1National Cancer Center/Cancer Hospital, Chinese Academy of Medical Sciences and Peking Union Medical College, Beijing, People's Republic of China, 2GE HealthCare, MR Research China, Beijing, People's Republic of China

Synopsis

Dynamic contrast-enhanced (DCE) MRI provides additional information regarding blood-brain barrier integrity, and Ktrans is directly proportional to the level of permeability of the blood-brain barrier. In our study, we found demonstrates that SRS of cerebral metastasis is associated with a reduction of Ktrans values in the early post-treatment period. DCE-MRI derived parameters of Ktrans may be a promising imaging biomarker of tumor aggressiveness.

Introduction

Cerebral metastases are the most common intracranial tumors in adults and occur in approximately 15–25 % of all cancer patients. Stereotactic radiosurgery (SRS) is a non-invasive alternative to surgical resection of brain metastasis. Radiological criteria to evaluate the response of brain metastases to SRS in the early post-treatment period have not been well established. Therefore, an imaging method that could be used to detect early tumor response would be helpful in identifying the true early response of the tumor after SRS treatment.

Purpose

Dynamic contrast-enhanced (DCE) MRI provides additional information regarding blood-brain barrier integrity, and Ktrans is directly proportional to the level of permeability of the blood-brain barrier1,2. The purpose of this study was to evaluate the effect of SRS on cerebral metastases with Ktrans that was assessed using DCE MRI. Furthermore, we aimed to evaluate the ability of Ktrans measurements to predict midterm tumor outcomes after SRS.

Methods

All patients underwent a single high-dose SRS performed using a Clinac 6EX photon linear accelerator (Varian, Palo Alto, CA, USA). Seven patients received whole-brain radiation therapy prior to SRS with a mean dose of 3,000 cGy divided into ten fractions. MRI was performed in Optima MR360 (General Electric Medical Systems, Waukesha, WI, USA). DCE MRI was added to the usual brain tumor protocols using a spoiled gradient-echo acquisition. Fifty dynamic phases were obtained with a temporal sampling interval of 6s and a total imaging time of 6.1 min. The bolus injection of 0.1 mmol/Kg of the contrast agent was administered after the second set of dynamic images at a rate of 2.5 mL/s. DCE MRI data were then processed.
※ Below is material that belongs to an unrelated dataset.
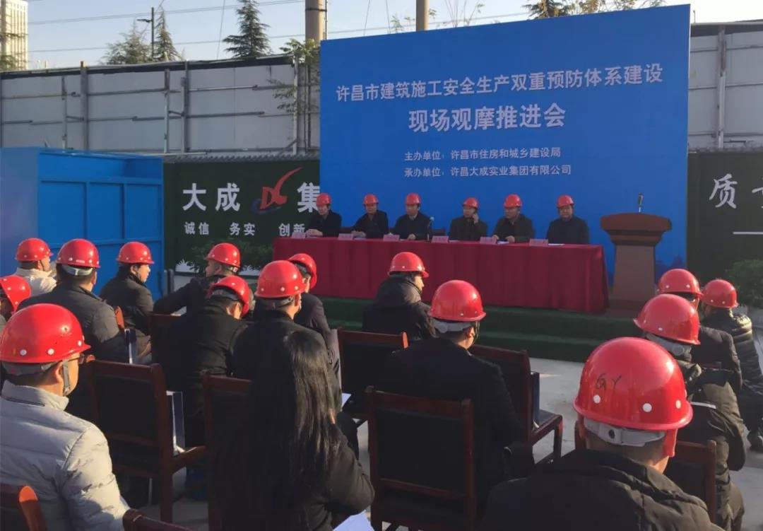 近日,由許昌市住房和城鄉(xiāng)建設局主辦、集團公司承辦的許昌市建筑施工安全生產(chǎn)雙重預防體系建設現(xiàn)場觀摩推進會在公司一峰廣場項目施工現(xiàn)場舉行。市住建局副局長尹群安、建管科科長朱延昭、安監(jiān)站副站長彭保華,各縣區(qū)市住建局分管安全副局長、安監(jiān)站站長,集團公司領導高峰、李耀,一峰集團地產(chǎn)公司總經(jīng)理郭紅軍,全市二級以上施工企業(yè)代表近百人參加會議。會議由朱延昭科長主持。

Parametric maps were used to measure Ktrans at the regions of interest (ROIs), and the highest (maximum) values were used for analysis, the tumor volumes were subsequently calculated. All statistical analyses were performed with SPSS 19.0, the relationship between Ktrans and tumor volume was assessed using Spearman’s rank correlation coefficient, hazard ratios (HRs) for the association between Ktrans and midterm tumor progression were obtained using Cox proportional hazard models.

Result

The Ktrans of the metastatic lesions presented a significant reduction after SRS treatment. The mean (±SD) Ktrans value was 0.13±0.11 min−1 at the baseline and 0.08±0.07 min−1 at the early post treatment follow-up (p<0.001). There was a significant positive correlation between the Ktrans ratio and the tumor growth ratio (Spearman’s coefficient=0.58, p=0.005). The mean baseline Ktrans values were not significantly correlated with the mean midterm tumor volumes. An increase in the Ktrans ratio was significantly associated with lesion progression. Each unit increase in the Ktrans ratio after SRS was associated with an added risk of 50 % of tumor progression (HR=1.50, 95 % CI=1.16–1.70, p<0.001). More detail Ktrans value and ROC ROC referent to Table 1 and Figure 1-2. The Ktrans ratio showed a sensitivity of 78 % and a specificity of 85 % when a cutoff of 0.15 (increase of 15 %) for predicting midterm lesion outcomes.

Conclusion

This study demonstrates that SRS of cerebral metastasis is associated with a reduction of Ktrans values in the early post-treatment period. Furthermore, Ktrans variation is predictive of midterm tumor outcome. These results suggest that DCE MRI Ktrans may be a valuable biomarker to evaluate treatment responses in the early post-SRS period during which the identification of treatment failure is more critical. Further large-scale studies may provide a proof of the potential capability of this new method and could also evaluate its performance when combined with other MRI techniques.

Acknowledgements

No acknowledgement found.

References

1. Rahman M, Cox JB, Chi YY et al. Radiographic response of brain metastasis after linear accelerator radiosurgery. Stereotact Funct Neurosurg 2012; 90:69–78.
2. Peng SL, Chen CF, Liu HL, et al. Analysis of parametric histogram from dynamic contrast-enhanced MRI: application in evaluating brain tumor response to radiotherapy. NMR Biomed 2012.

Figures

Figure.1 Kaplan-Meier failure estimating curves of the midterm tumor outcomes comparing groups of lesions with a Ktrans increase versus those with a Ktrans decrease after stereotactic radiosurgery. Lesions with a Ktrans increase had a higher probability of tumor progression and treatment failure (p=0.04).

Figure.2 Receiver operating characteristic (ROC) curve of Ktrans ratio for the prediction of midterm lesion outcome. The Ktrans ratio presented an area under the ROC curve of 0.86.

Table.1 Time course of tumor Ktrans and volume.

Proc. Intl. Soc. Mag. Reson. Med. 25 (2017)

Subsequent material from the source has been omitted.